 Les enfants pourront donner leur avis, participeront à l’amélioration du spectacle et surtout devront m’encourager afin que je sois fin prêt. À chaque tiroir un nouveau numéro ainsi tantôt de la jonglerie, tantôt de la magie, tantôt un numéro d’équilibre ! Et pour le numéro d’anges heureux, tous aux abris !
^^^^^^^^^^^^^^^^
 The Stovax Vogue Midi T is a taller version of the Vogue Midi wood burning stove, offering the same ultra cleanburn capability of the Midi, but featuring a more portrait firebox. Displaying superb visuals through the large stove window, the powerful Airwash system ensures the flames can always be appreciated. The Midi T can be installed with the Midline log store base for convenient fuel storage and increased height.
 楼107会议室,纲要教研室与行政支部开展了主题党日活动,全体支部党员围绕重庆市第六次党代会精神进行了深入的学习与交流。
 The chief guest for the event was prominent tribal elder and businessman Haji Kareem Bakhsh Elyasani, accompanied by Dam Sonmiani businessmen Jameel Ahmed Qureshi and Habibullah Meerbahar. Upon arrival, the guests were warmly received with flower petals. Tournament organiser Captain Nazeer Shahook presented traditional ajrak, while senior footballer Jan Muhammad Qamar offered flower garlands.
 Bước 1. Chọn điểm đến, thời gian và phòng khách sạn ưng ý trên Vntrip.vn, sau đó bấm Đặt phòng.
^^^^^^^^^^^^^^^^
Your answer should be the lines above, from the line containing "楼107会议室,纲要教研室与" up to and including the line containing "Bước 1. Chọn", reproduced exactly and with nothing else.

WRITTEN ANSWER
 楼107会议室,纲要教研室与行政支部开展了主题党日活动,全体支部党员围绕重庆市第六次党代会精神进行了深入的学习与交流。
 The chief guest for the event was prominent tribal elder and businessman Haji Kareem Bakhsh Elyasani, accompanied by Dam Sonmiani businessmen Jameel Ahmed Qureshi and Habibullah Meerbahar. Upon arrival, the guests were warmly received with flower petals. Tournament organiser Captain Nazeer Shahook presented traditional ajrak, while senior footballer Jan Muhammad Qamar offered flower garlands.
 Bước 1. Chọn điểm đến, thời gian và phòng khách sạn ưng ý trên Vntrip.vn, sau đó bấm Đặt phòng.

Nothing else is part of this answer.